# Acer Aspire 5755g or HP dv-6119tx



## ron_devon (Aug 13, 2011)

I had made up my mind on buying the HP Pavilion dv6-6119tx, but just yesterday I came across the specs of Acer Aspire 5755g.
I was not able to gather much info about the latter, or about the date of its release in India or availibilty.

Both laptops 've got similar specs. 6119tx offers a DDR5 memory for the GPU while 5755g has Nvidia 540M with 2gb integrated RAM. 6119tx has two 3.0 ports to 5775g's one. 6119tx has Beats Audio while i don't have much idea on Acer's sound quality.

I would like to know which one would be the better buy?
My budget is around 46-47k and I'm looking for a gaming laptop.

(My first post on the Digit Forum  Would like to get more active!)


----------



## Ishu Gupta (Aug 13, 2011)

6140TX is better than both of them. 48k.


----------



## d6bmg (Aug 14, 2011)

Ishu Gupta said:


> 6140TX is better than both of them. 48k.



Yes, +1. DDR5 gpu memory would be very helpful in gaming scenarios.


----------



## arsenalfan001 (Aug 14, 2011)

Two options.
1. HP 6140tx - 48-50K (i7 & 1GB ddr5 6770 - 15") depending on the area.
2. HP 3016tx - 40-42K (i5 & 1GB ddr5 6750 - 14")
If you are ok with 14" and i5, go for the second one. Invest in a good keyboard and mouse combo + cooling pad.


----------



## ron_devon (Aug 14, 2011)

Thanx for the suggestion, guys. 6140tx sounds the real deal to me.
But why is no information available about this laptop regarding the specs or price?
And going through some other posts, heard it's available just in the Croma Stores. I'm from Kolkata (which doesnt have any)
How do i get to buy it?


And one more thing, Digit has some really tough random questions to ask before it lets me post.


----------



## pranav0091 (Aug 16, 2011)

ron_devon said:


> And one more thing, Digit has some really tough random questions to ask before it lets me post.

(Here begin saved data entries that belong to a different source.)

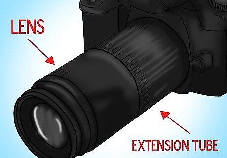 Gather the camera and one or more extension tubes. An extension tube creates more distance between your lens and the image plane in the camera, which will let you get closer to a smaller subject and thereby fill more of the image frame with a sharply focused subject. A "macro shot" is defined when an image is bigger than the original subject is.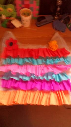 最后把剪好 的卡纸花和皱纹纸卷成的花朵贴到肩膀的位置上,这样袋子改装的一幅就做好了,还等什麽快试试吧!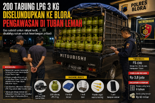 Kasus ini mencuat setelah aparat Satreskrim Polres Blora mengamankan seorang pria berinisial FS (38), warga Kecamatan Kenduruan, Tuban, di wilayah Kecamatan Jepon, Blora. Ia kedapatan mengangkut ratusan tabung LPG subsidi menggunakan kendaraan pick up yang telah dimodifikasi.
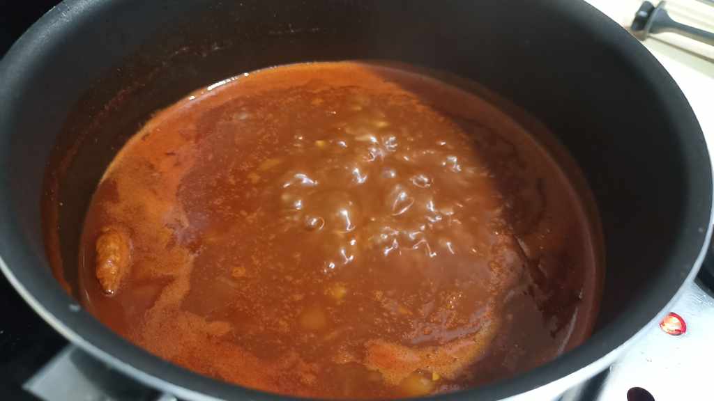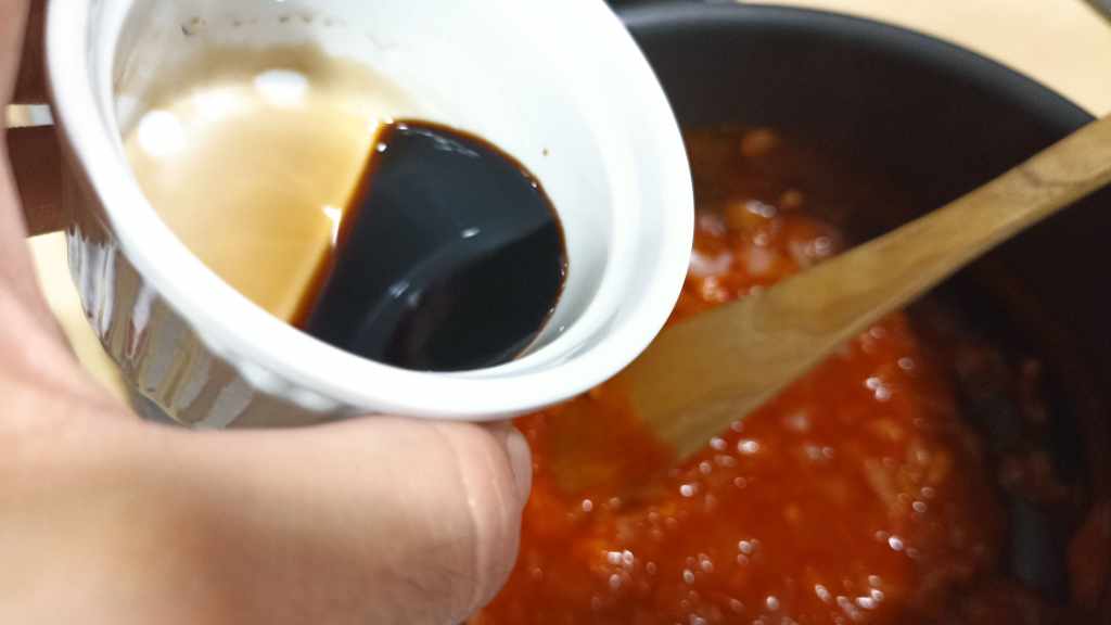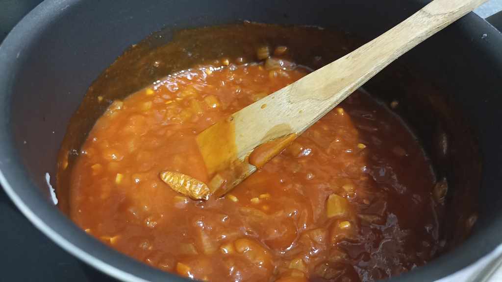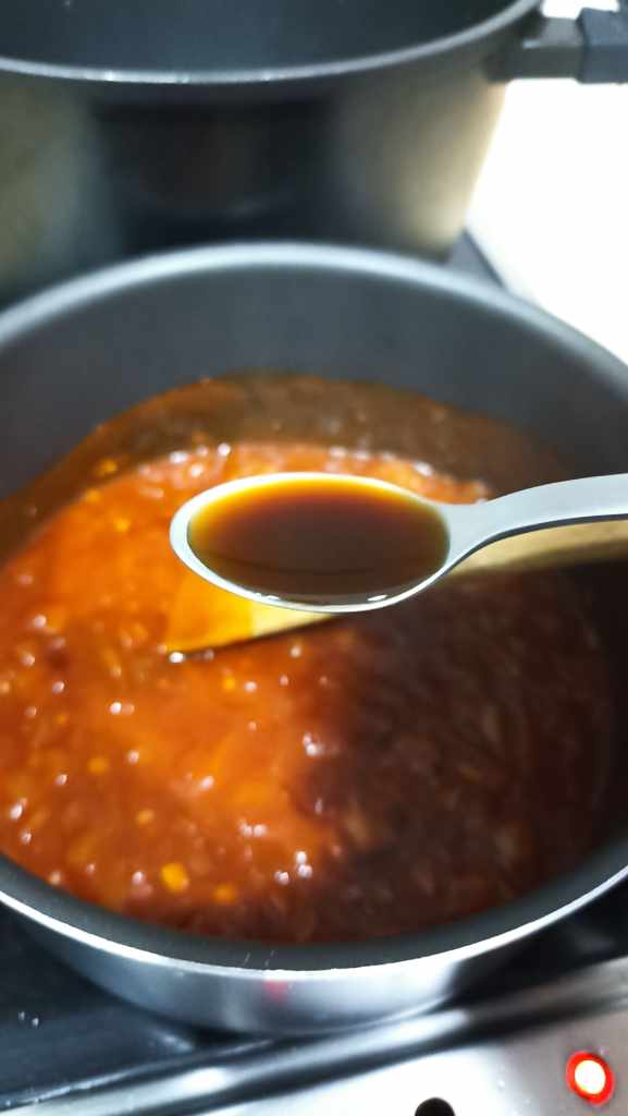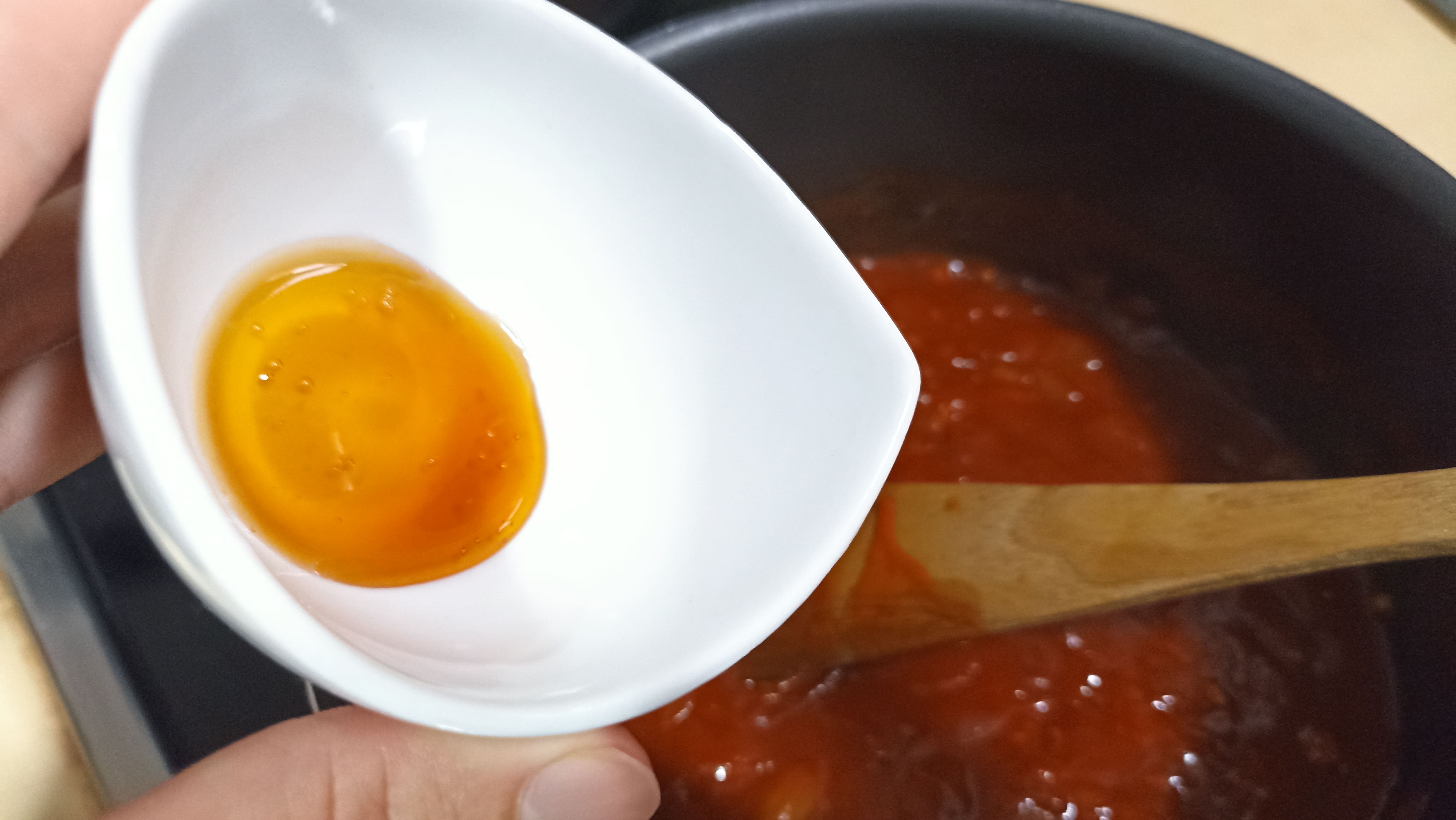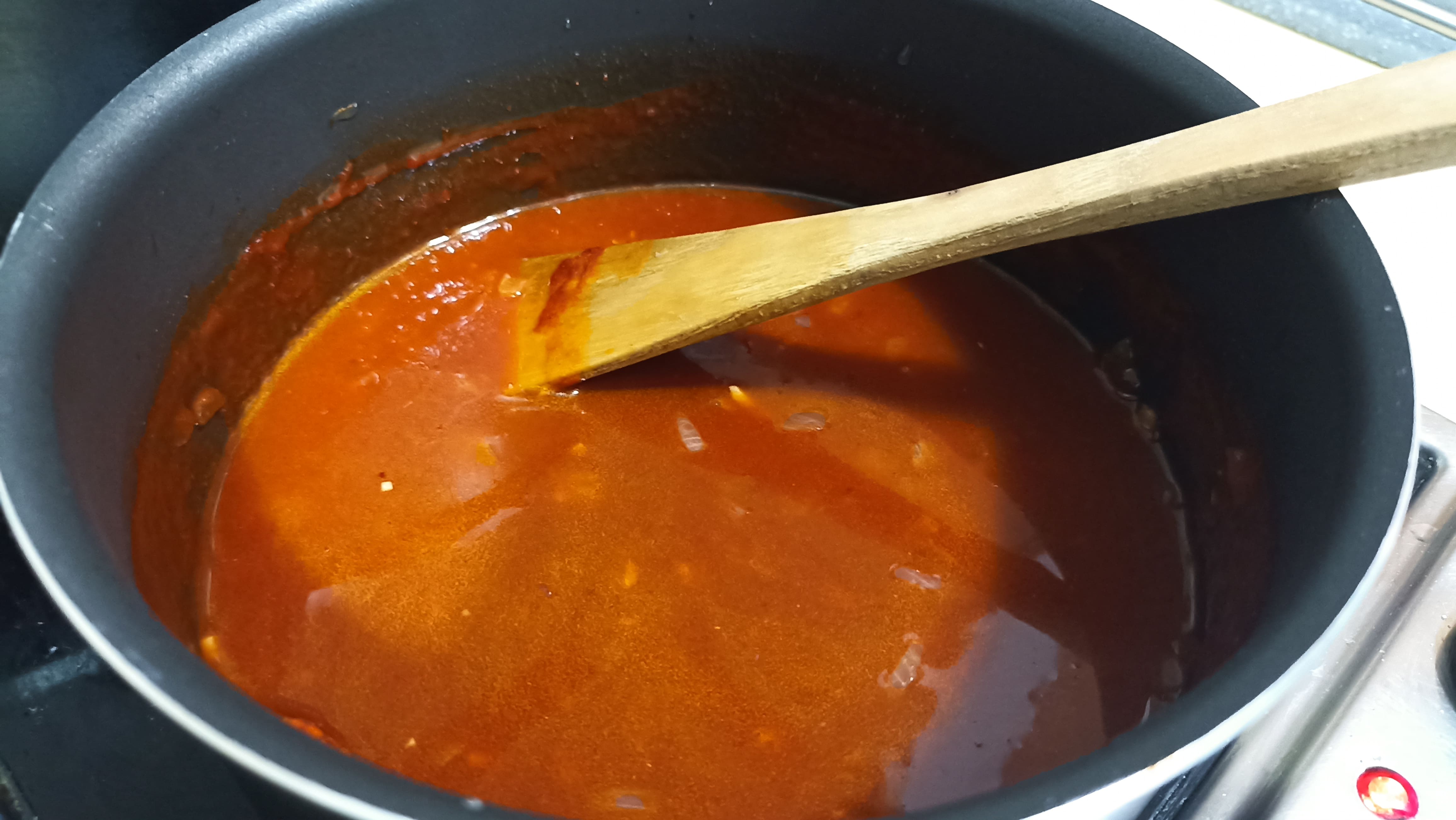 Ya solo nos queda ir añadiendo los demás ingredientes en este orden, primero la miel que nos ayudará a reducir la acidez del tomate y el vinagre, la cayena, el tabasco y la salsa perrins. Dejamos que todo se integre un poco y finalmente añadimos el agua, dejando cocer durante unos 5 minutos a fuego medio.

Post more, and they disappear


----------



## Dw::Wolverine:: (Sep 21, 2011)

ron_devon said:


> I'm from Kolkata (which doesnt have any)
> How do i get to buy it?




Me too from kolkata but I heard of Croma retail store at South city mall . lets see.


----------



## kg11sgbg (Sep 22, 2011)

ron_devon said:


> Thanx for the suggestion, guys. 6140tx sounds the real deal to me.
> But why is no information available about this laptop regarding the specs or price?
> And going through some other posts, heard it's available just in the Croma Stores. I'm from Kolkata (which doesnt have any)
> How do i get to buy it?
> ...



@Ron,why don't you try the Cyberworks(opp. to Raj Bhavan) at Esplanade Mansion?
It is a showroom of HP/Compaq.


----------



## red dragon (Sep 22, 2011)

There is no Croma in south city mall.
There is one HP shop in Park Street,also computer Exchange used to stock them.


----------